Au milieu de la chapelle avait été élevée une estrade au bout de laquelle se trouvaient un prie-Dieu et deux fauteuils surmontés d'un dais: le dais, l'estrade, le prie-Dieu, les fauteuils, les carreaux, recouverts d'une tenture de velours violet semée de fleurs de lis d'or et chargée des armes de France et de Navarre.

Sur des bancs installés au bas des marches de l'autel à droite et du côté de l'Épître avaient déjà pris place les archevêques, les évêques, les abbés nommés par les députés de l'assemblée générale du clergé pour assister à la cérémonie.

Sur un banc à gauche de l'autel se voyaient le comte de Morville et le comte de Saint-Florentin qui allaient bientôt être rejoints par les deux autres ministres et secrétaires d'État, le comte de Maurepas et le marquis de Breteuil, retenus par leurs fonctions auprès du Roi.

Le chancelier de France, dans sa robe de velours violet doublé de satin cramoisi, était assis dans son fauteuil à bras et sans dos, entre ses deux huissiers portant la masse, et derrière lui se groupaient les maîtres des requêtes en robe et en bonnet carré.

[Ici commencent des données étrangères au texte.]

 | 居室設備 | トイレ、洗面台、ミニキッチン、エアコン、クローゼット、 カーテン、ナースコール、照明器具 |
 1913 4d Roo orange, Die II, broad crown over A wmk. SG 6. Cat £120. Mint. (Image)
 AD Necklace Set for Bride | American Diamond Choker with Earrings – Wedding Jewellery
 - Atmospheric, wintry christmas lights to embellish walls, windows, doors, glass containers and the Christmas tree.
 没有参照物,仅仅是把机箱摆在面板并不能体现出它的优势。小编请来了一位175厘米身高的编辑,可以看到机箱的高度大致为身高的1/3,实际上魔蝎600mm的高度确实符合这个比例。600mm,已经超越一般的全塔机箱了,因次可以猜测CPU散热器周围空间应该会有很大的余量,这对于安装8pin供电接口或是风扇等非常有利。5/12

Un public de seigneurs, d'étrangers, de dames en grand habit, remplissait les tribunes et les amphithéâtres échafaudés dans les arcades des chapelles, et dont les balcons étaient garnis de tapis à fond d'or ou de broderies éclatantes.

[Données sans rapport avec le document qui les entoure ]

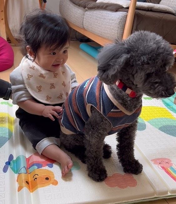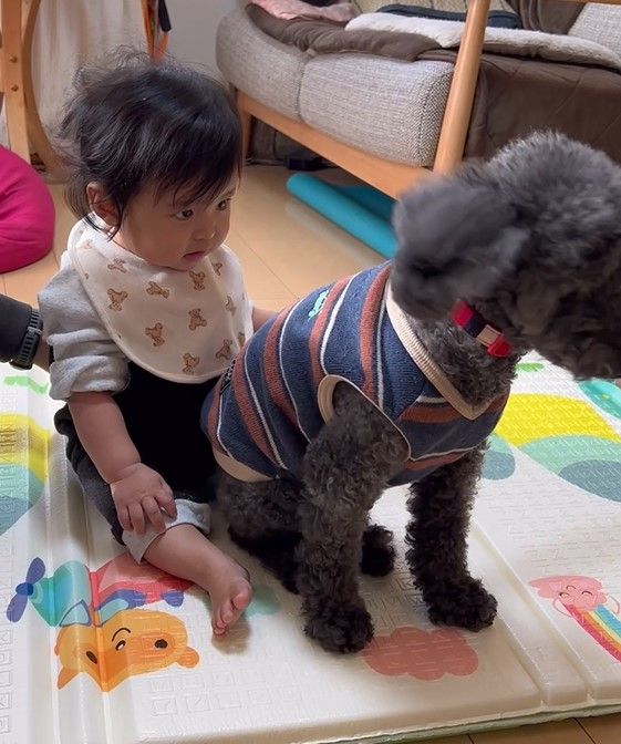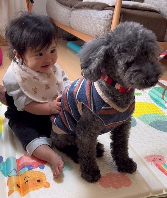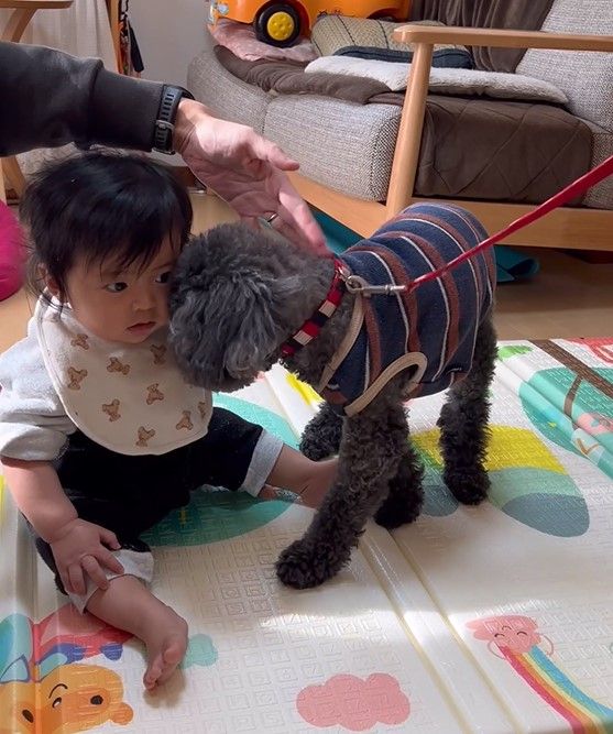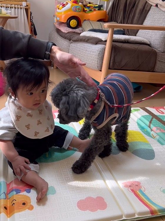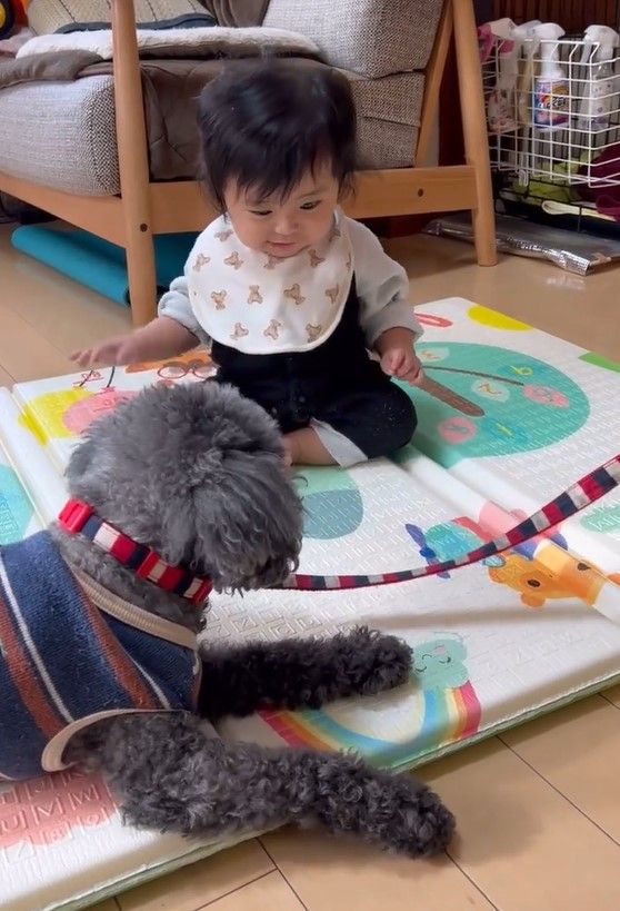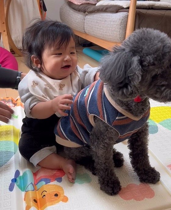 実は今回の初対面の瞬間は、りつくんがいつもおもちゃのワンちゃんを噛んでいたので、ママも心配だったそうですが、仲良くしている姿を見て、「こんなに目がキラキラで喜ぶ事が初めてだったのでびっくりしました!」と喜びを明かしてくれました。
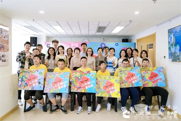 2025年6月11日,在北京金羽翼残障儿童艺术康复服务中心的教室里,康明斯中国的志愿者们正与几位心智障碍青少年共同完成一幅名为《心无碍 更有爱》的集体创作。画布中央,一颗“康明斯红”的星星、花朵造型的齿轮及孩子们手绘的绿叶……这幅画作的原稿是来自金羽翼孤独症学员王安琪的《美梦》,经由志愿者和学员们再创作,这些深浅不一的印记最终交融成闪耀的画作。

Le cortège, parti du grand cabinet du Roi, débouchait dans la chapelle au son des fifres, des tambours et des trompettes.

C'étaient d'abord les hérauts d'armes précédés du marquis de Dreux, grand maître des cérémonies; venaient ensuite les chevaliers de l'Ordre du Saint-Esprit, en tête desquels marchaient l'abbé de Pomponne, le marquis de Breteuil, le comte de Maurepas, grands officiers de l'Ordre. Après les chevaliers du Saint-Esprit s'avançaient dans des habits très-magnifiques[44], et marchant seuls, le comte de Charolais, le comte de Clermont, le prince de Conti.

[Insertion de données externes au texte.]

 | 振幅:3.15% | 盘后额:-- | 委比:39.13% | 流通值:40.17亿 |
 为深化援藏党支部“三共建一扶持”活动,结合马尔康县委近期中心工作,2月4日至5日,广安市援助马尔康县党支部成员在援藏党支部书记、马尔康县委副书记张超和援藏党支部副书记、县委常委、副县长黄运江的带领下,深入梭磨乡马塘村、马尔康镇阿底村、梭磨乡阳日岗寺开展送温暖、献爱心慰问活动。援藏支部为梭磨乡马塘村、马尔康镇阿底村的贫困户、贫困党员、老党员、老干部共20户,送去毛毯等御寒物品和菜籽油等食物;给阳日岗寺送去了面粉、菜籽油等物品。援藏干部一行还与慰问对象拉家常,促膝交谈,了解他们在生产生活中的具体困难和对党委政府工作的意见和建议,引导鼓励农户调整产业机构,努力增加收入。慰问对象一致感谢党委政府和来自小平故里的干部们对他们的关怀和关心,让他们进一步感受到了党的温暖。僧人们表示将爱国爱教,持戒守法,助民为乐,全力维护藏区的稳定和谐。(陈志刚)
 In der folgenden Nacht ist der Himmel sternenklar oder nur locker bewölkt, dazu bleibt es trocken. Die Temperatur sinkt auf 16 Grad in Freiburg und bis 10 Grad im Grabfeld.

Enfin apparaissait le Roi, précédé du marquis de Courtanvaux, capitaine des Cent-Suisses de la Garde, suivi du duc de Villeroi, capitaine des Gardes du Corps en quartier, et qui avait à sa droite le duc de Mortemart, premier Gentilhomme de la Chambre, et à sa gauche, le duc de la Rochefoucauld, grand maître de la Garde-Robe. Louis XV marchait entre le prince Charles de Lorraine, grand écuyer de France, et le commandeur de Beringhen, premier écuyer du Roi, tous deux appelés à donner la main à Sa Majesté. Sur les côtés se tenaient les officiers des Gardes du Corps, et les Gardes-Écossais portant leurs cottes d'armes en broderie par-dessus leurs habits, la pertuisane à la main. Le Roi avait un habit de brocart d'or, garni de boutons de diamant, et, jeté sur les épaules, un manteau de point d'Espagne d'or.

Suivait la Reine, habillée d'un manteau et d'une robe de velours violet semé de fleurs de lis d'or, avec un corps formant une cuirasse de pierreries, et des agrafes de brillant aux manches[45]. Elle portait sur le haut de la tête une couronne de diamants, fermée par une double fleur de lis. Marie Leczinska était menée par les ducs d'Orléans et de Bourbon; et la queue de son manteau royal, qui avait neuf aunes de long, était portée par la duchesse douairière de Bourbon, par la princesse de Conti, par la princesse de Charolais qui étaient menées à leur tour et avaient leur queue portée par les plus grands noms de la monarchie.

Et c'étaient après la Reine la duchesse d'Orléans, puis mademoiselle de Clermont, et encore des princesses et des dames illustres qui, avec leurs meneurs et leurs porteurs de queue, formaient une procession qui n'en finissait pas, et que terminaient les dames d'honneur des princesses du sang.